Snowbirds and their copper likenesses
and geraniums flaming out in slatted sun,
the javelins of afternoon go right through the bells,
our clothes, our skin, our bones,
and ‘genuinely sorry to have to tell you,
but that more than includes the lover
you’re sucking the daylights out of instead of me.


Back home my pet barracuda’s favorite vittles
are flotsam-after-flotsam helpings of curlicues
that bunch atop the sea wherever Neptune
has planed smooth that jagged trident of his.
Now our bulky jumbo jet is later than usual
landing in Santo Domingo (something about
air currents being strong enough at altitude
to keep pushing against the jalapeño fuselage
and shoving my sex back inside my bluejeans,
while the joyous winds make each of us
seem tardy on arrival), so I haven’t had time
yet to duck inside a stall and metamorphosize
into a flashy silver suit of scales and gills.

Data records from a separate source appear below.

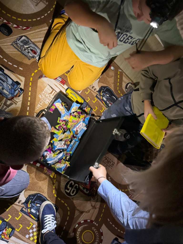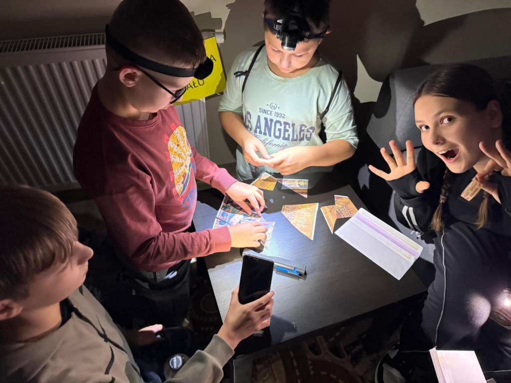 Nie zabrakło również gier i zabaw integracyjnych, które wywołały wiele śmiechu i radości, oraz warsztatów plastycznych, w trakcie których uczestnicy tworzyli pamiątkowe odznaki dla wyśmienitych detektywów.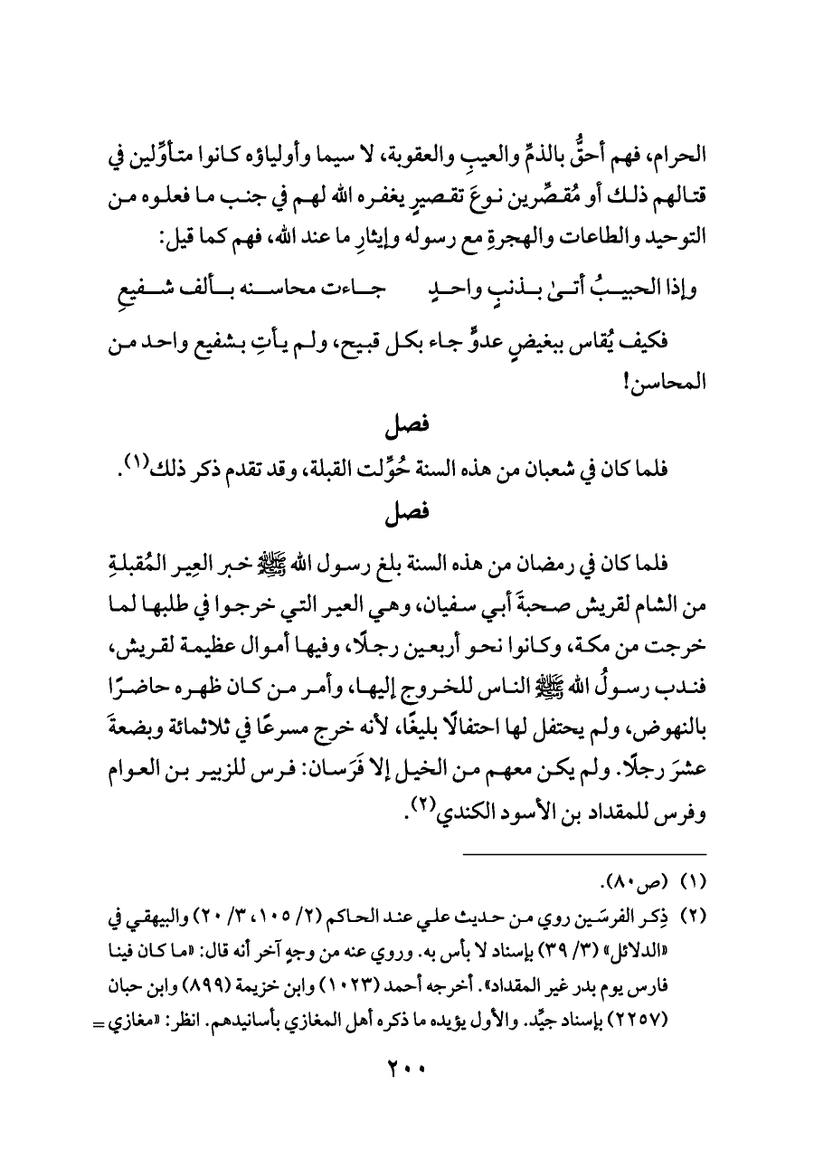 (¬٢) ذِكر الفرسَين روي من حديث علي عند الحاكم (٢/ ١٠٥، ٣/ ٢٠) والبيهقي في «الدلائل» (٣/ ٣٩) بإسناد لا بأس به. وروي عنه من وجهٍ آخر أنه قال: «ما كان فينا فارس يوم بدر غير المقداد». أخرجه أحمد (١٠٢٣) وابن خزيمة (٨٩٩) وابن حبان (٢٢٥٧) بإسناد جيِّد. والأول يؤيده ما ذكره أهل المغازي بأسانيدهم. انظر: «مغازي الواقدي» (١/ ٢٧) و «طبقات ابن سعد» (٢/ ٢١).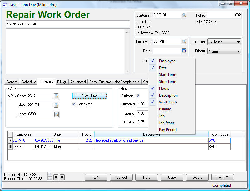 The Job and Stage can be set per employee time line by displaying the Job and Job Stage columns as shown above. Review the Recording Labor and Completing the Task section for more details on entering data.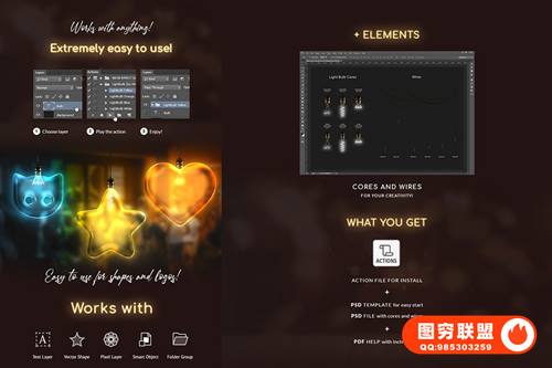 支持的Photoshop版本: CS3 – 2021 。所有的PS版本。多功能Photoshop Action可将您的文本,矢量形状,像素图层,智能对象,图层组转换为炫酷的彩色灯泡。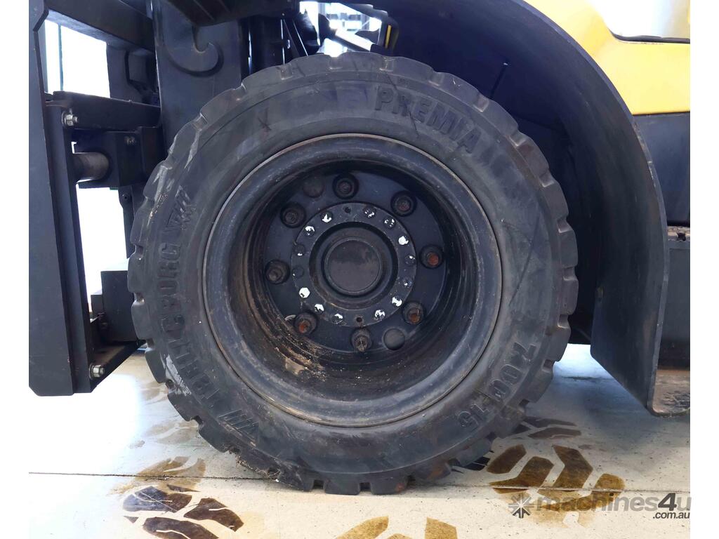 Unit is equipped with integral side-shift and solid tyres.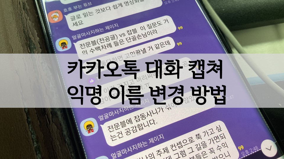 카카오톡(카톡) 대화 캡쳐 작업시 익명 이름 변경 방법 어떻게 되는지 간단하게 알아보았습니다. 어려운 작업은 아니며 간혹 사용할 일이 있을지도 모르니 참고하시면 되겠습니다.
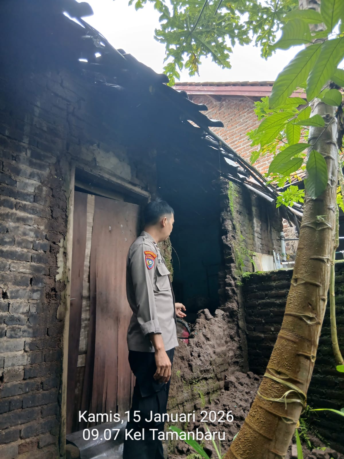 Cilegon - Bhabinkamtibmas Kelurahan Tamanbaru AIPDA Edianto, mengunjungi Ibu Marni yang rumahnya roboh bagian dapur akibat hujan angin di Lingkungan Sondol Rt. 03/02 Kelurahan Tamanbaru Kecamatan Citangkil, Kamis (15/01/2026).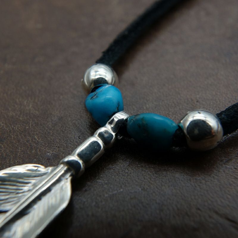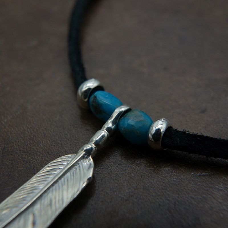 中フェザー右向き×小メタルチャーム×鹿革紐×アンティークビーズ/ネックレスカスタム

Oh, lucky, lucky you, you’re going to assume the role of a German admiral in the Great War, one of those often tall, frequently trim, mustachioed elder children of Kaiser Bill and his brand new navy, one of those seamen who affect amazing maneuvers with dead-weight iron boats through smoke and fog in the age of steam. But for now, shit on such historical-setting palaver and perspectives, mama-screwer, ‘cause it’s the stricter, more disciplined personae we’re after here, with you as an authoritative and uniformed man semi-strangling in his dress-code neckcloth, but absolutely in charge of all the friendly warships on the charts in front of his herky-jerky torso.

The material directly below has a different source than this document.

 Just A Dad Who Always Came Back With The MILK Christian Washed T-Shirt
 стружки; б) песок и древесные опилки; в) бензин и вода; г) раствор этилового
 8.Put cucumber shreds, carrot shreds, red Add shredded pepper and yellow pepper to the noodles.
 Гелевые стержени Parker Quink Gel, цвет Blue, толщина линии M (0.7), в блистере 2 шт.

And, see, sonny, that’s your swell role, and you don’t have to change your everyday-self all that much, now do you, simply because you realize hostilities will end for you and the fleet come Jutland. Just let me roll up the charts here, if I might, and then I’m going to push your hatted head down much, much closer to the wormwood table in front of you. Atta boy, commodore, put your back into it, and let’s get your ear within, say, a dozen millimeters of the table-top, and just hold it all right there: freeze and listen up, freeze and listen hard. Be assured that for as long as I’m able, I’ll keep the rest of the world at bay and hushed like a bordello at sunrise. So, now, can you hear any worms yet? Can you, herky-jerky? When you do, tell all the rest of us, admiral—we plankton floating around your puffing ships—oh what in hell does one worm sound like inching through some real good wood?

William C. Blome writes poetry and short fiction. He lives in the ‘States, wedged between Baltimore and Washington, DC, and his work occasionally makes it to print hither and yon.

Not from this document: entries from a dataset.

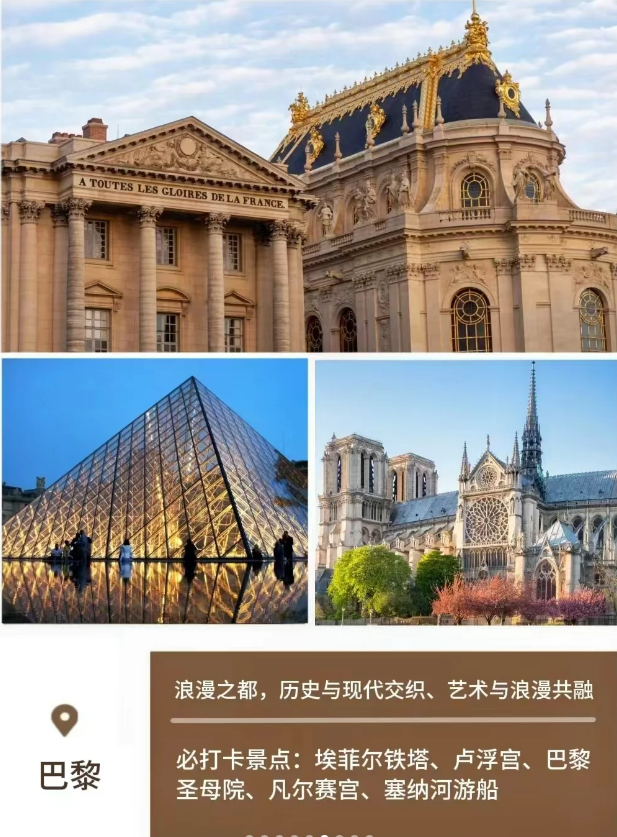 ✅必打卡景点:埃菲尔铁塔、卢浮宫、巴黎圣母院、凡尔赛宫、塞纳河游船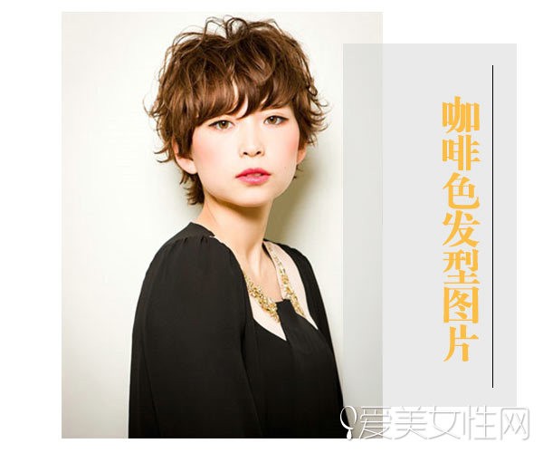 深栗色短卷发潮范十足,头发颜色十分衬肤色,卷发蓬松有灵动性。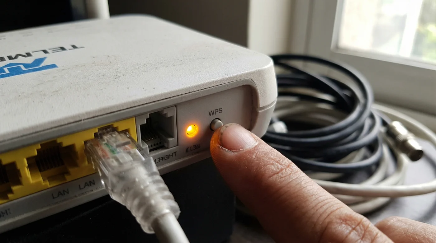 Camina hacia tu módem y busca en la parte trasera o en un borde lateral un botón pequeño que dice “WPS” o, en algunos modelos específicos, “WLAN”. Mantén presionado ese botón por exactamente cinco segundos, no más, y suéltalo de inmediato. Notarás que tu módem apagará la red Wi-Fi por unos breves instantes.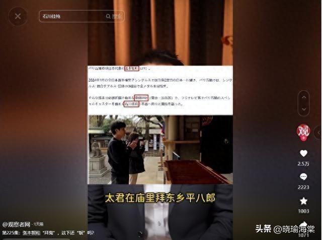 回国后不久,日本媒体爆出了在巴黎奥运会之前,他曾与队友石川佳纯一同前往东乡神社进行参拜的消息。
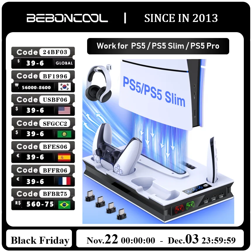 BEBONCOOL S5000 Vertical Stand For PlayStation 5 New Slim Version PS5 Cooling Station with Two Dual Fast Charging USB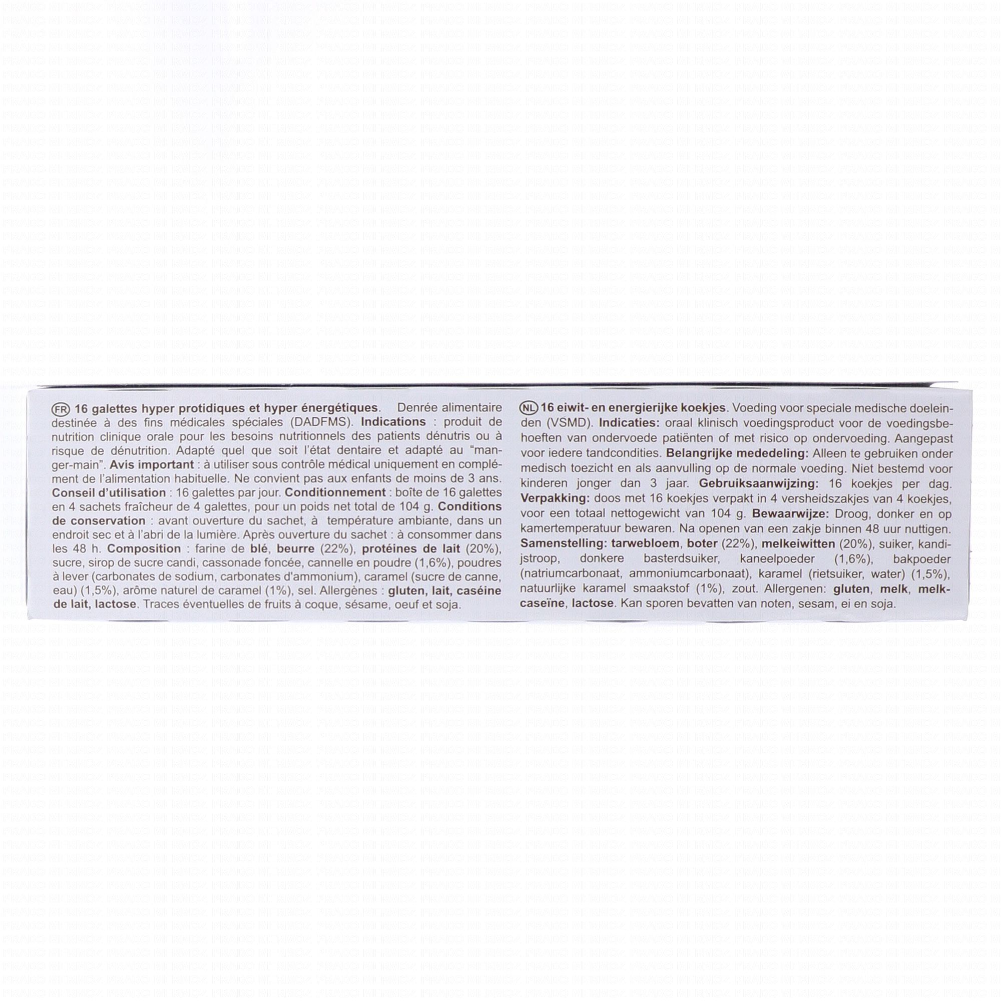 NUTRISENS Protibis Galettes Spéculoos x16 est un complément alimentaire destiné aux personnes ayant besoin d'un apport accru en protéines et en calories. 8 galettes apportent 11,5 grammes de protéines et 250kcal.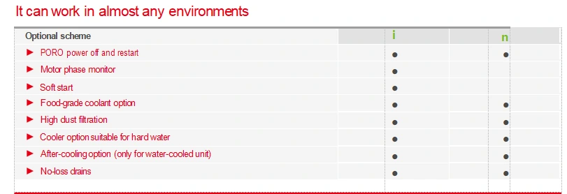Naše kompresory nabízejí potravinářské chladicí kapaliny, vysokou filtraci prachu a chladiče s tvrdou vodou a další možnosti přizpůsobené drsným prostředím, které mohou splnit vaše požadavky na různé aplikace.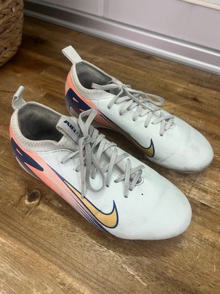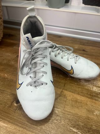 Botas de fútbol Nike Air Zoom en talla 35. Diseñadas para ofrecer comodidad y rendimiento en el campo. - Color azul claro con detalles dorados y rosas. - Cierre con cordones grises. - Logo de Nike en el lateral.

2 Replies to “Six poems by William C. Blome”

  1. A reread of these six invokes memories of the poet as friend and fellow veteran. Gone to a greater reward earned in the hell of Vietnam as well as in his role of teacher of newly arrived immigrants trying to master the language of their new homeland. The poet is gone but his words, his art and his selfless deeds live on. Sleep well my friend!